Department of Housing & Urban Development Requires Re-survey of "Older Persons"

We all know that 80% or more of a community homesites must be occupied by at least one 55+ person, and that documented proof of age must be consistently required to qualify for 55+ status under HOPA. Let's not forget that the requirements also mandate the re-survey.

What do the Regulations say? "...The procedures described in paragraph (b) [routinely determining the occupancy of each unit, including the identification of whether at least one occupant of each unit is 55 years of age or older] ... must provide for regular updates, through surveys or other means, of the initial information supplied by the occupants of the housing facility or community. Such updates must take place once every two years ...."

For example, there were objections to the re-survey mandate on the grounds it was too burdensome. HUD stated that owners would not be unduly burdened by the update requirements since the information "will be readily available in the files."

This comment reflects that the survey requirement can be fulfilled by preparation of a summary of names and ages of the homeowners based on existing file information (assuming the files are up to date). One might annotate a rent roll with resident ages and satisfy the requirement. HUD emphasizes that "...the re-survey does not require that all supporting documents be collected again - only that the community confirm that those persons counted as occupying dwellings for purposes of meeting the 80% requirement are, in fact, still in occupancy."

It is also clear that the survey is a "summary" and not required to include underlying documentation (remember the POA must be obtained for approval of tenancy and kept in the resident's file): "[Only the overall survey summary is required to be available for review, not the supporting documentation. The word 'summary' has been added to this section").

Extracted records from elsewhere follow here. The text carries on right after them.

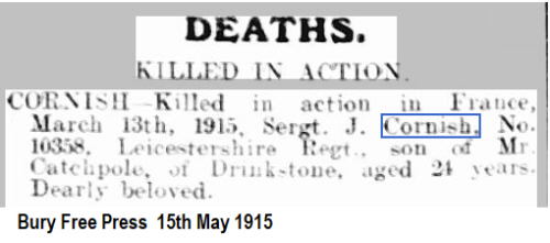 | "Soldiers Died" has him born in Bradfield and resident in Drinkstone. He enlisted in Bury St. Edmunds on 16th February 1909 for six years in the Reserves. He gave his age as 18 years 1 month, single, a gamekeeper born in Bradfield, Suffolk. He was 5 feet 7 inches tall, weighed 125 lbs, chest 31 to 33.5 inches, Church of England. He was placed in the 3rd battalion, Leicestershire Regiment, No,10358. Mobilised on 5th August 1914. Promoted Lance Corporal 5th June 1911 and to Corporal 29th July 1912. In 1919 his Army Form 5080 his full blood relatives were his mother Mildred Sarah CATCHPOLE, nr. Post Office, Drinkstone and brother George CATCHPOLE [24] No.12909 Munster Fusiliers in France; half blood Jeffery CATCHPOLE [18] nr Post Office, Drinkstone. No father named. His next of kin were his mother, brother Archie CORNISH of Newmarket and Alan Frank Cornish of Rougham who may be recorded elsewhere as Jesse Francis or just Francis. Promoted Acting Sergeant at Fort Purbrook on 4th September 1914, posted to BEF 11th December 1914 and promoted Sergeant on 12th December 1914 and posted to the 2nd Battalion. At the beginning of March 1915, the Meerut Division, including the 2nd Leicesters, lined up before the village of Neuve Chapelle, which was held by German forces, half way between Bethune and Lille, south of Armentières. The plan was to form up overnight 9th/10th March. The 2nd Leicesters were in position by 5 am. A sustained artillery bombardment of the German lines was due to begin at 7.30 am to discourage resistance and to cut the enemy's wire. As soon as the barrage was lifted, the advance was to begin. The 2nd Battalion of the Leicesters gave a good account of themselves and remained in the line, in the thick of the battle, until 13th March, when it was relieved. At roll call on 13th March, the first possible since the start of the battle, his name remained unanswered.
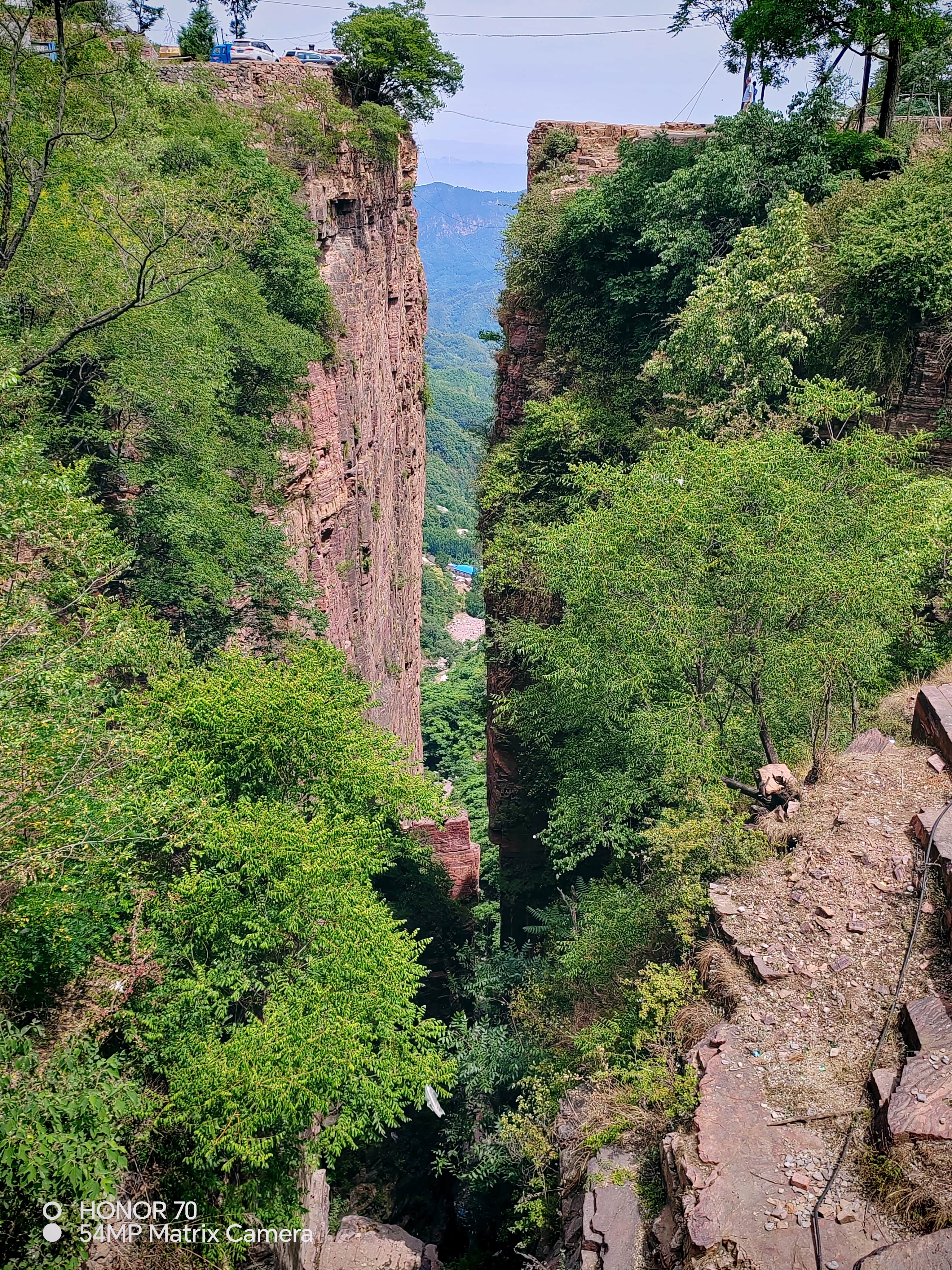 ,这次还到了更里面的上封邱一线天,两公里临崖一车宽的土路,很有西藏甲应村路的范儿,但这可是90度垂直悬崖,甲应村的路一般还都是5/60度山坡上的。路窄坡陡弯急的,就怕会车,紧张的快速通过,没有留下影像。
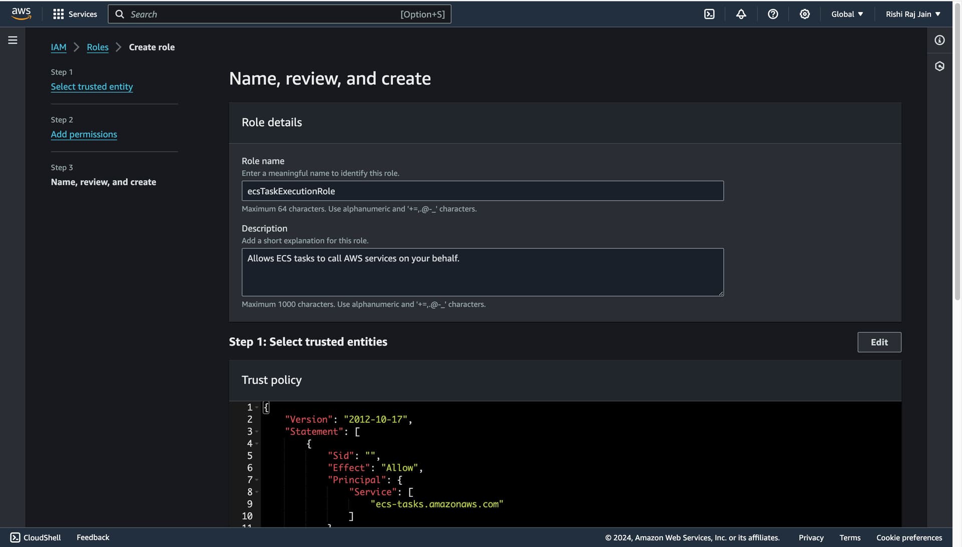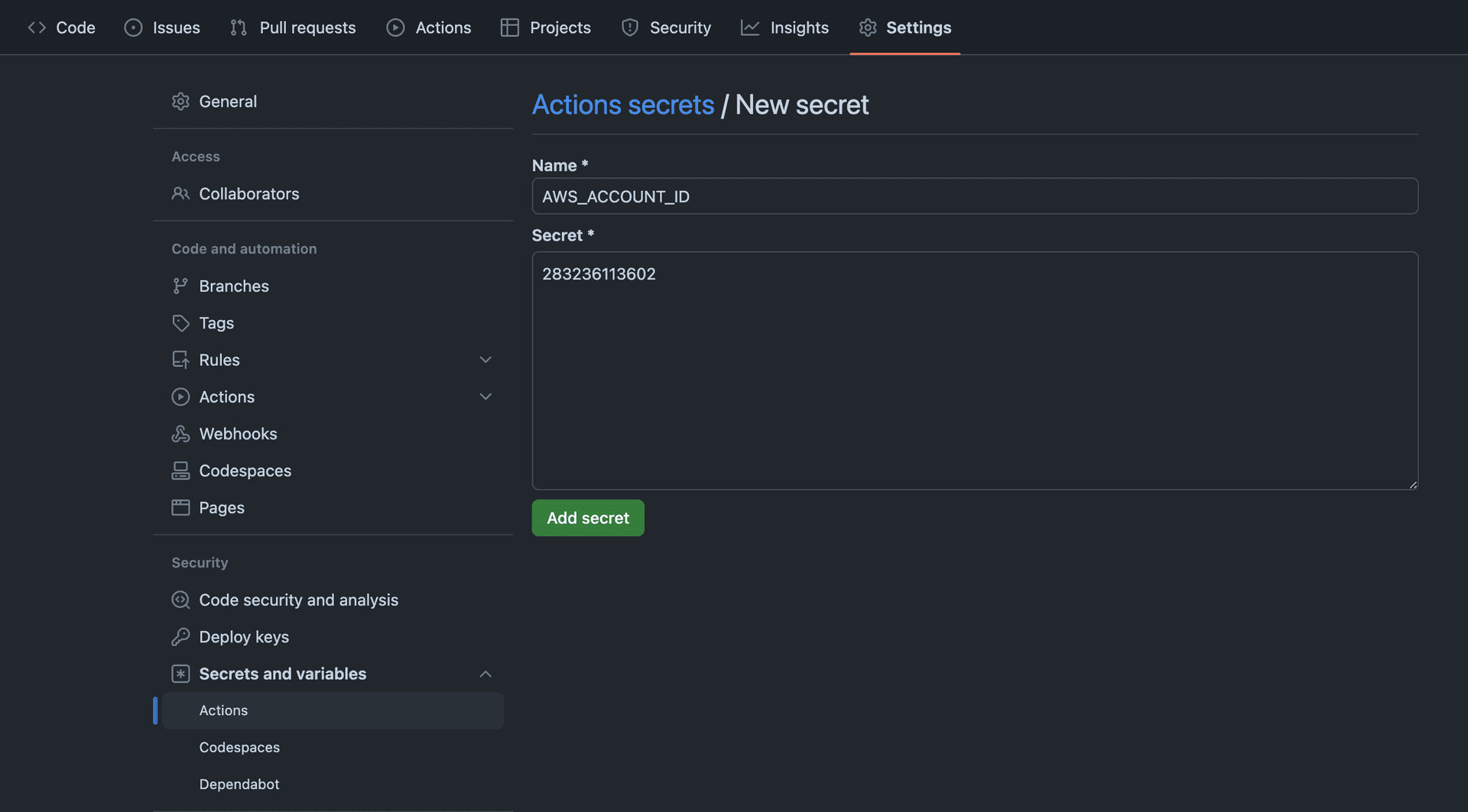 - Enter AWS_ACCOUNT_ID as the value obtained earlier.
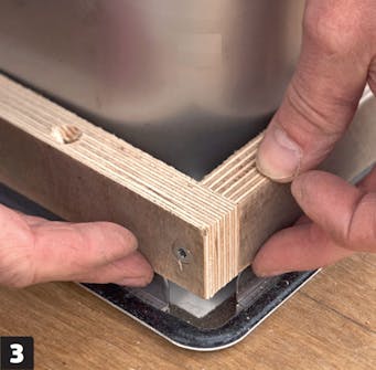 Saml en ramme, der skal skabe forhindringen, som betonen skal løbe udenom. Læg 22 mm krydsfinerliste helt tæt om kring vasken, og skru den sammen med 4 x 40 mm skruer.

Compilation of the "Summary"

In review of the files to compile the required "summary," it is possible that some files may be missing POA (Proof of Age) documentation. Missing POA reflects inconsistent conformance to a required age verification policy. This can be fatal to defending a "55+" status. Yet, there are plausible reasons why POA may be absent. Perhaps a resident's tenancy commenced before the date of enactment of the Fair Housing Amendments Act of 1988 (September 12, 1988): this was the last date to "grandfather" underage residents excluded from the calculation of the 80-20 requirement; perhaps the Xerox copier did not work on the day identification was checked; perhaps the applicant's age was so obvious that documentation was overlooked; perhaps the POA was misplaced. None of these explanations will "wash" with fair housing enforcers. Now is the time for review of this information. Supplementing resident files may bolster a defense of the "55+" status by proving the 80-20 ratio, but cannot substitute for consistent conformance to a policy of seeking POA documentation. HUD's requirements are crystal clear: "The housing facility or community must establish and maintain appropriate policies to require that occupants comply with the age verification procedures required by this section."

Should you seek missing POA information?

Yes. In a large scale review of resident files by fair housing enforcers, the main objective for review of proof of age may be to establish the 80-20 ratio: Proof of age in the file may itself be seen as evidence of adherence to collection of required data: even after-acquired information reflects, at least, compliance with the 2-year survey requirement. Proof of age includes

the following: driver's license (an expired or out-of-state license seems 'ok'), birth certificate, passport, immigration card, military identification, any other state, local, national, or international official documents containing a birth date of "comparable reliability." This may include birth certificates, baptismal or marriage documents, perhaps, and other public records.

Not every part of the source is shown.